> _Task directions_
Restate the listing that follows word for word, without its pictures.

> _Available data_
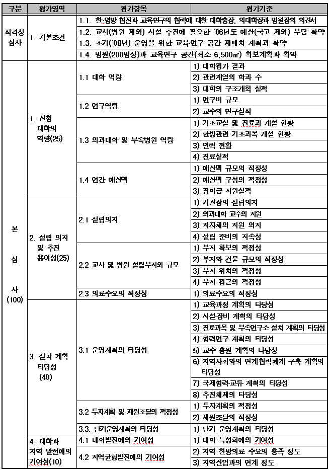 º»½É»ç´Â 100Á¡ ¸¸Á¡À¸·Î, ½Åû´ëÇÐÀÇ ¿ª·®(25Á¡) ¼³¸³ÀÇÁö ¹× ÃßÁø ¿ëÀ̼º(25Á¡) ¼³Ä¡°èȹÀÇ Å¸´ç¼º(40Á¡) ´ëÇаú Áö¿ª ¹ßÀü¿¡ÀÇ ±â¿©(10Á¡)·Î ³ª´² Æò°¡ÇÑ´Ù.
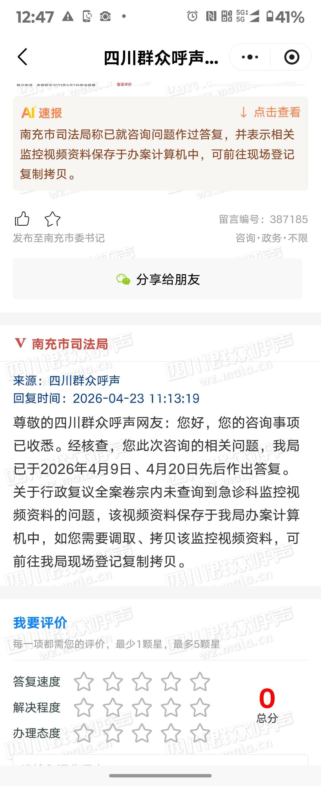 [投诉] 关于南充市司法局2026.4.23回复再控告
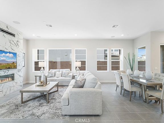 BEAUTIFUL, BRAND NEW, NO MELLO-ROOS, AND DESIRABLE CORNER LOCATION! 4 Bedrooms with a Large Bonus Room or 5th Bedroom Option and 4 Bathrooms, including one bedroom and bathroom downstairs. Popular floor plan (Scarlet at The Oaks/The Meadows by Toll Brothers) that is now sold out. Highly desirable location next to the park because there are no immediate neighbors on East and South sides of the home. The home feels light and bright with lots of windows and with open views over the park. Other highlights include SOLAR, two car garage, 48" linear fireplace in great room with upgraded floor to ceiling designer tiles, JennAir stainless steel appliance package, upgraded and modern flooring in the great room and kitchen, and much more! The Oaks/Meadows offers luxury resort-style amenities, including a large recreation center with private clubhouse, two pools, two spas, cabanas, lounge with fireplace, outdoor BBQs, 2 dog parks, sports fields, basketball, pickleball and volleyball courts! Additionally, more than 10 acres of dedicated open space with trails connecting to the Serrano Creek regional trails system for miles of biking, hiking, and walking trails nearby! Don't miss out this incredible home!
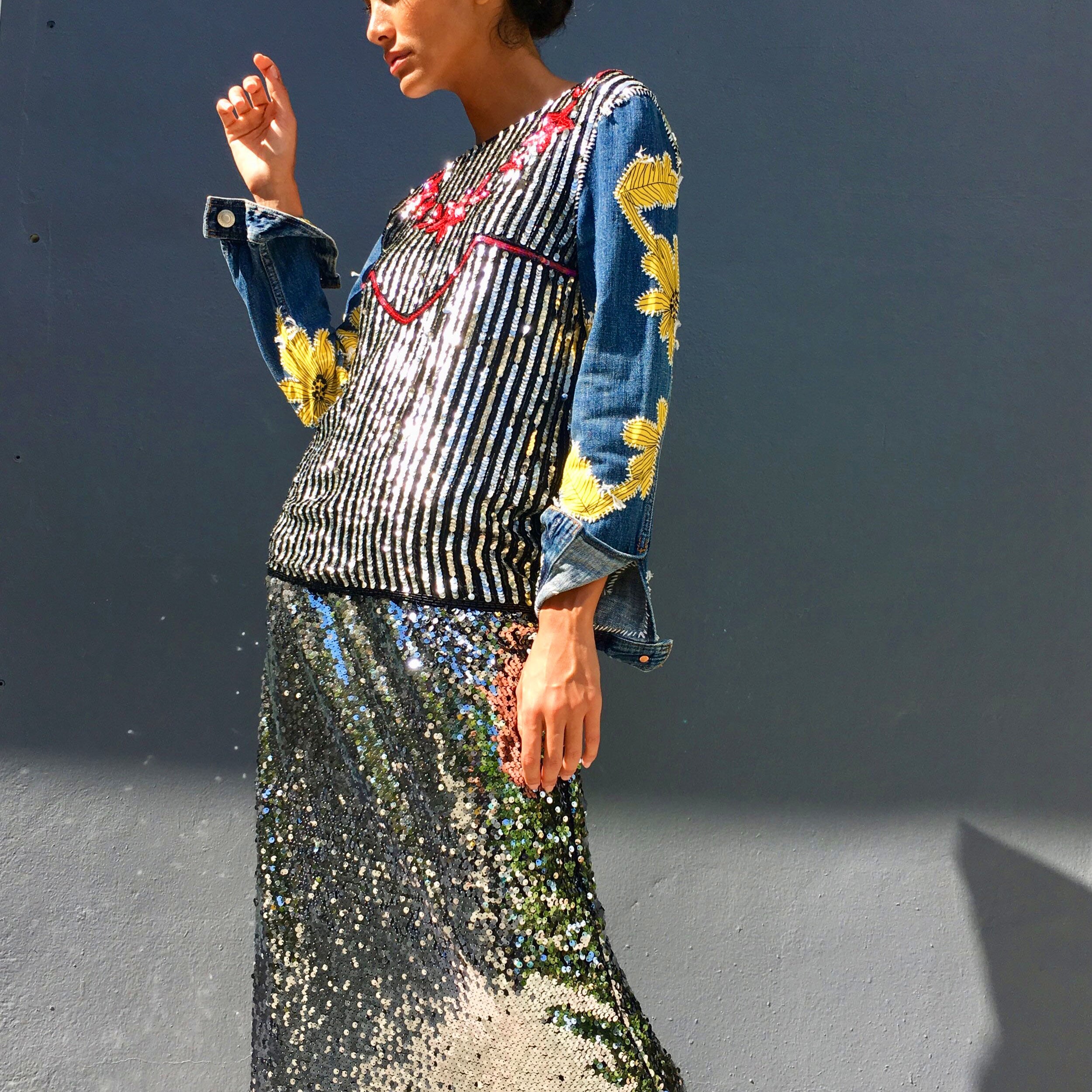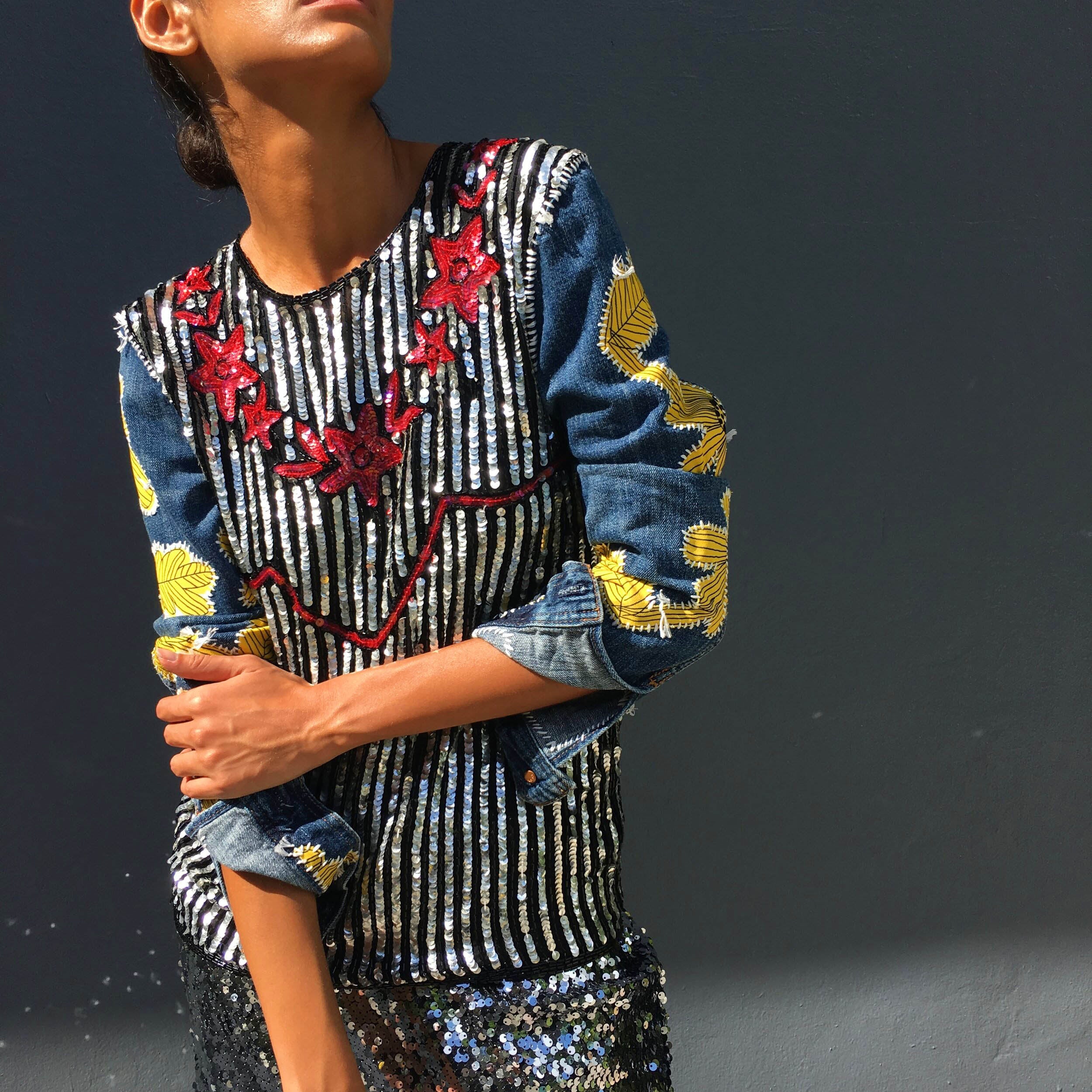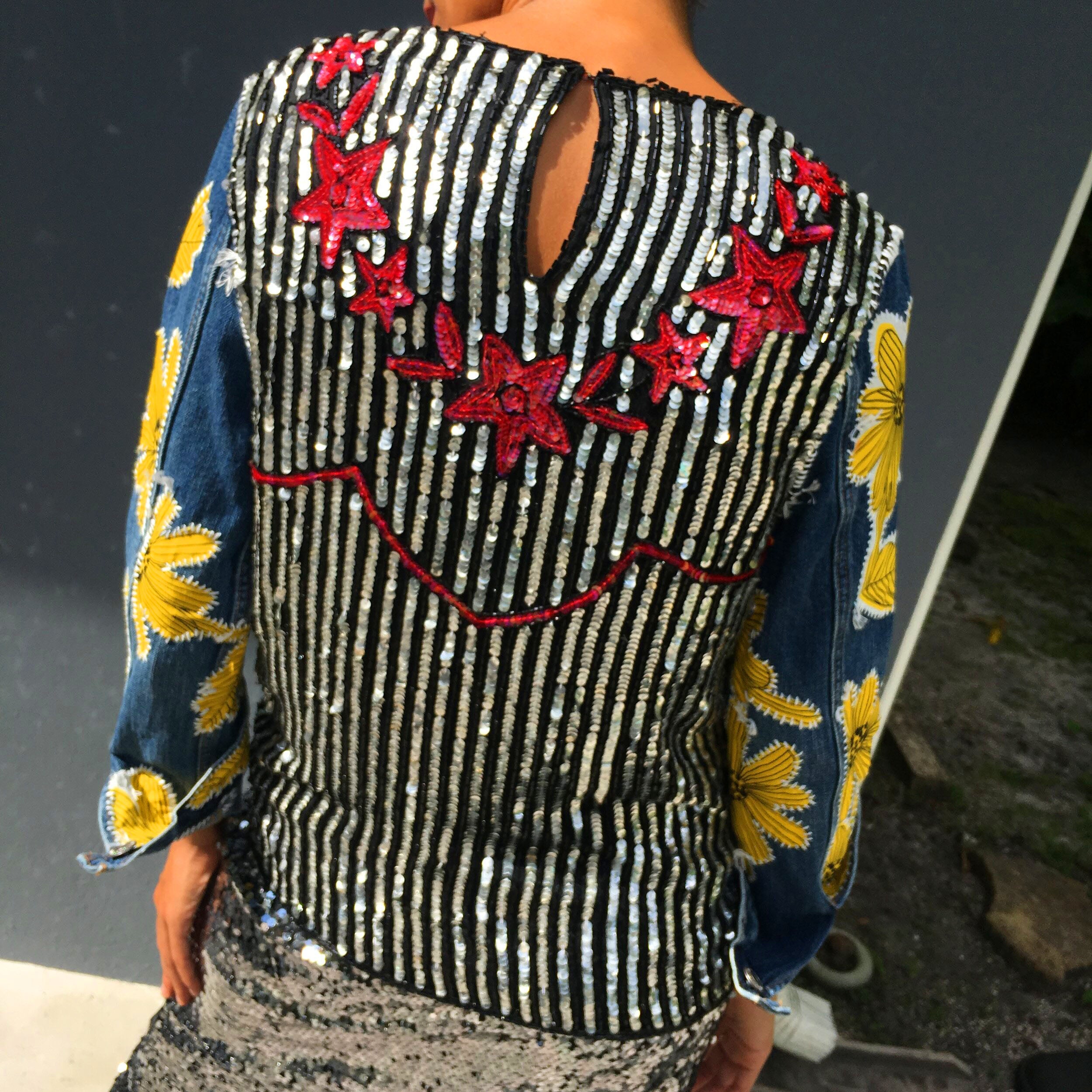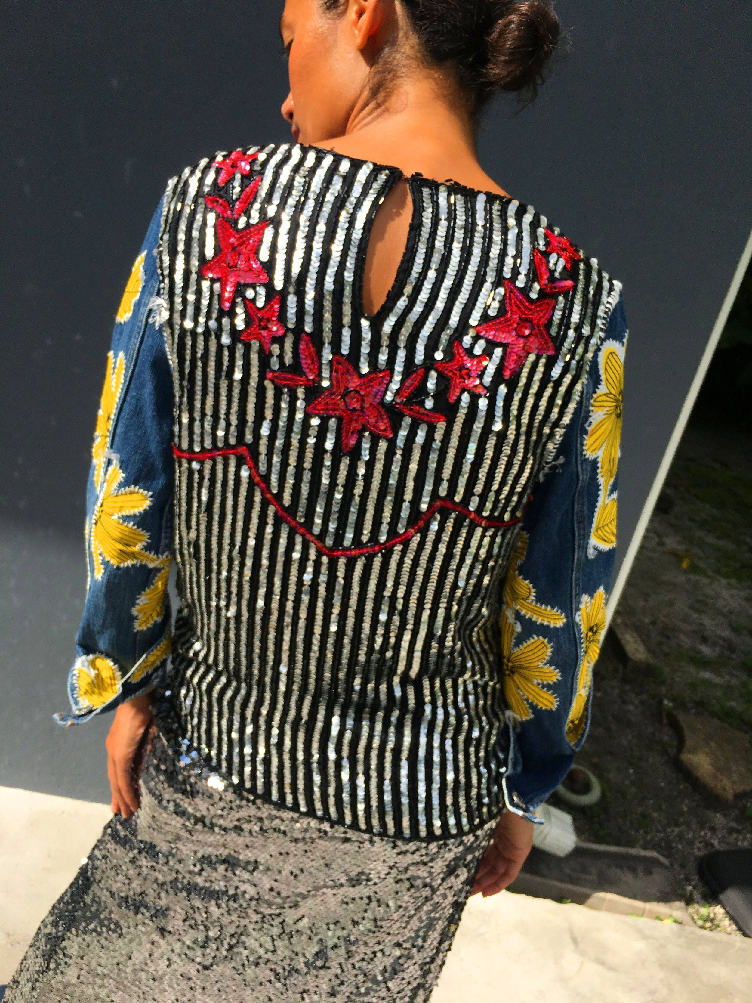 To design this beautiful vintage black silver and red sequin top I replaced the sleeves with repurposed denim ones cut from a jacket and placed yellow flowers cut from a playsuit. The white embroidery thread lets every element shine.

> _Exercise result_
 º»½É»ç´Â 100Á¡ ¸¸Á¡À¸·Î, ½Åû´ëÇÐÀÇ ¿ª·®(25Á¡) ¼³¸³ÀÇÁö ¹× ÃßÁø ¿ëÀ̼º(25Á¡) ¼³Ä¡°èȹÀÇ Å¸´ç¼º(40Á¡) ´ëÇаú Áö¿ª ¹ßÀü¿¡ÀÇ ±â¿©(10Á¡)·Î ³ª´² Æò°¡ÇÑ´Ù.
 [投诉] 关于南充市司法局2026.4.23回复再控告
 BEAUTIFUL, BRAND NEW, NO MELLO-ROOS, AND DESIRABLE CORNER LOCATION! 4 Bedrooms with a Large Bonus Room or 5th Bedroom Option and 4 Bathrooms, including one bedroom and bathroom downstairs. Popular floor plan (Scarlet at The Oaks/The Meadows by Toll Brothers) that is now sold out. Highly desirable location next to the park because there are no immediate neighbors on East and South sides of the home. The home feels light and bright with lots of windows and with open views over the park. Other highlights include SOLAR, two car garage, 48" linear fireplace in great room with upgraded floor to ceiling designer tiles, JennAir stainless steel appliance package, upgraded and modern flooring in the great room and kitchen, and much more! The Oaks/Meadows offers luxury resort-style amenities, including a large recreation center with private clubhouse, two pools, two spas, cabanas, lounge with fireplace, outdoor BBQs, 2 dog parks, sports fields, basketball, pickleball and volleyball courts! Additionally, more than 10 acres of dedicated open space with trails connecting to the Serrano Creek regional trails system for miles of biking, hiking, and walking trails nearby! Don't miss out this incredible home!
 To design this beautiful vintage black silver and red sequin top I replaced the sleeves with repurposed denim ones cut from a jacket and placed yellow flowers cut from a playsuit. The white embroidery thread lets every element shine.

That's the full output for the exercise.